● **Directions for this task**
First find the line with "然后我们需要选择哪些数据可以忽略,这里要忽略金额数据,如下图所示", then reproduce it and all following lines of the data to the end, exactly and with no pictures, adding nothing.

● **Source material**
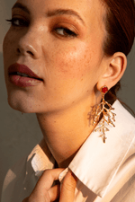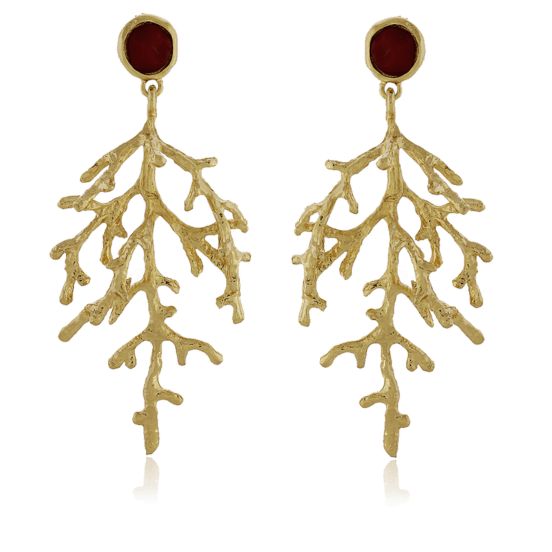 Brinco Pedra Círculo Galho Pendurado
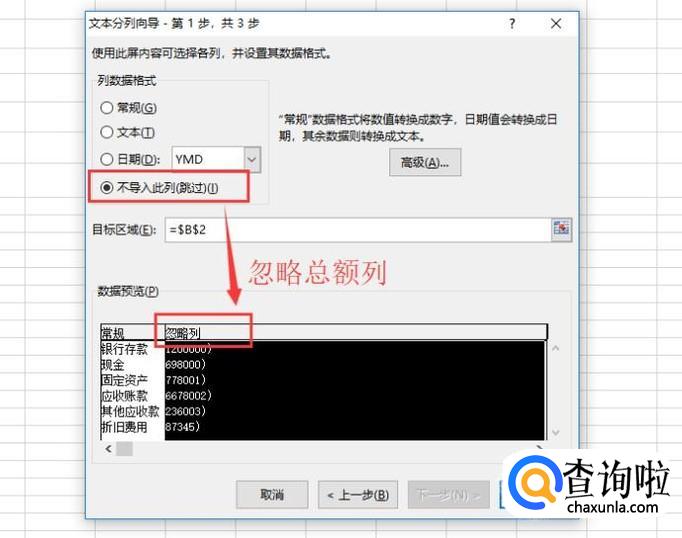 然后我们需要选择哪些数据可以忽略,这里要忽略金额数据,如下图所示
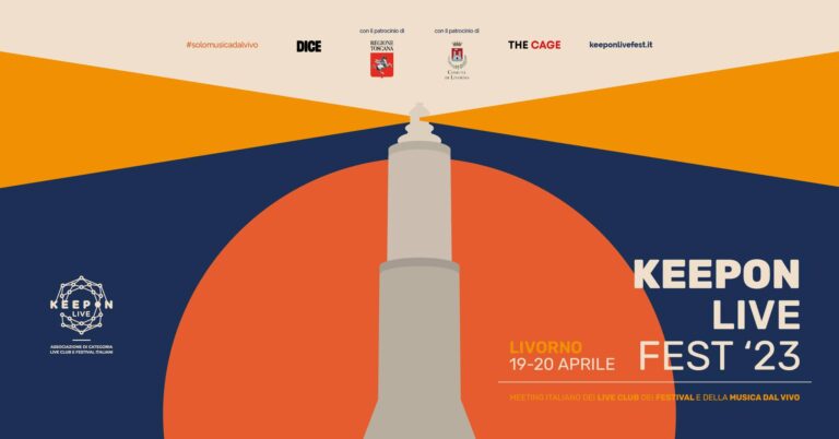 A quasi un anno dal traguardo del riconoscimento in Gazzetta Ufficiale del lavoro operato dai Live Club italiani nella promozione, diffusione e sostegno della musica dal vivo da parte delle commissioni Cultura e Lavoro del Senato della Repubblica per il quale si era spesa in una lunga battaglia, l’associazione KeepOn LIVE torna a riunire gli operatori della musica dal vivo con una due giorni di confronto, formazione e spettacolo (clicca sulla clip bianca su sfondo azzurro in alto in pagina per consultare il programma). Il KeepOn LIVE Fest 2023, patrocinato dalla Regione Toscana e dalla Città di Livorno, si terrà infatti il 19 e il 20 aprile a Livorno, a due passi dal mare, nella suggestiva cornice del The Cage, uno dei live club più importanti e longevi d’Italia, che ha appena festeggiato i suoi 20 anni di attività ed è sito nel piccolo teatro di un edificio storico adiacente a un parco pubblico cittadino.
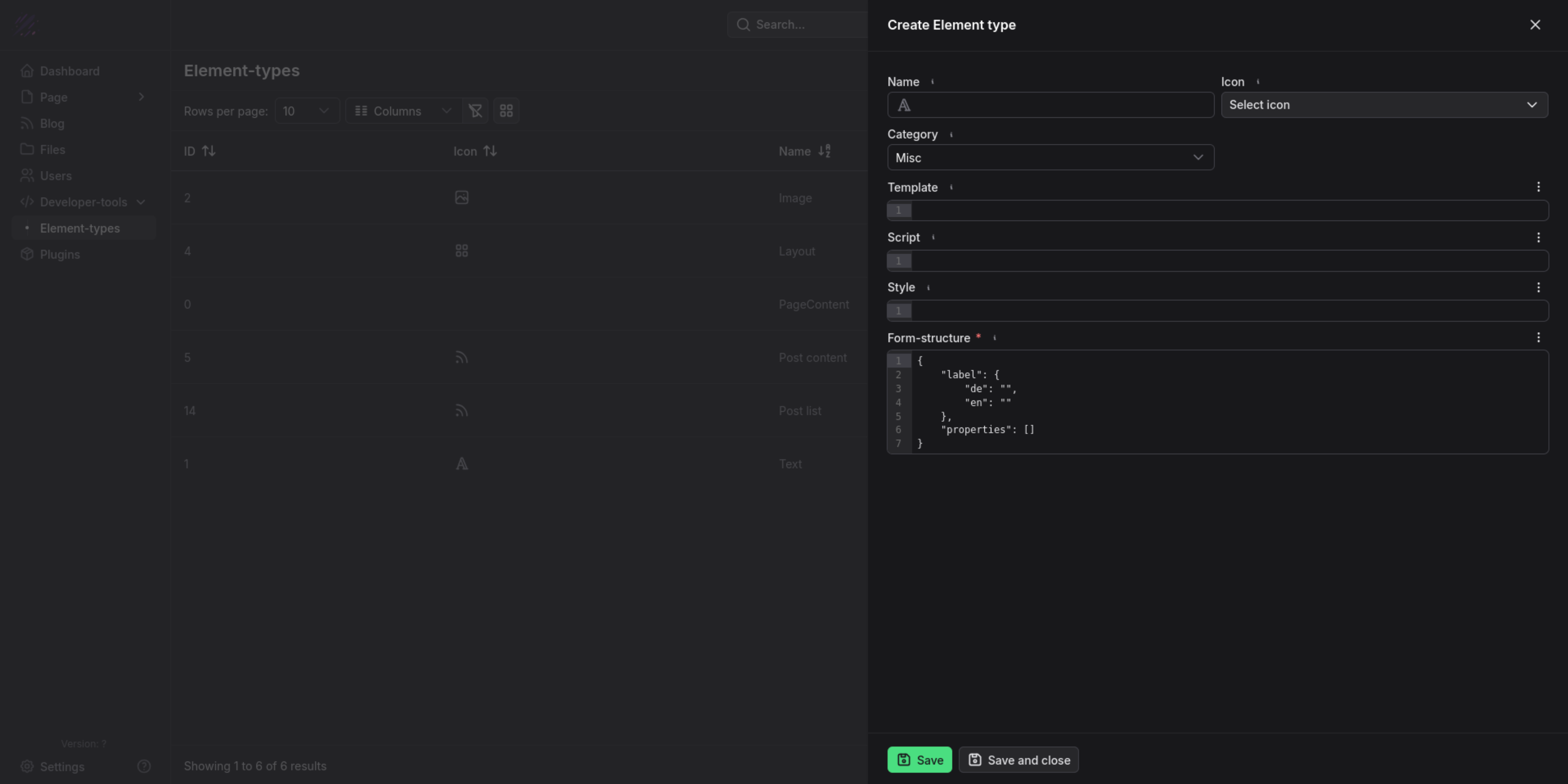 Here you define the form for editing data for each element. Each form input

● **Result of this exercise**
 然后我们需要选择哪些数据可以忽略,这里要忽略金额数据,如下图所示
 A quasi un anno dal traguardo del riconoscimento in Gazzetta Ufficiale del lavoro operato dai Live Club italiani nella promozione, diffusione e sostegno della musica dal vivo da parte delle commissioni Cultura e Lavoro del Senato della Repubblica per il quale si era spesa in una lunga battaglia, l’associazione KeepOn LIVE torna a riunire gli operatori della musica dal vivo con una due giorni di confronto, formazione e spettacolo (clicca sulla clip bianca su sfondo azzurro in alto in pagina per consultare il programma). Il KeepOn LIVE Fest 2023, patrocinato dalla Regione Toscana e dalla Città di Livorno, si terrà infatti il 19 e il 20 aprile a Livorno, a due passi dal mare, nella suggestiva cornice del The Cage, uno dei live club più importanti e longevi d’Italia, che ha appena festeggiato i suoi 20 anni di attività ed è sito nel piccolo teatro di un edificio storico adiacente a un parco pubblico cittadino.
 Here you define the form for editing data for each element. Each form input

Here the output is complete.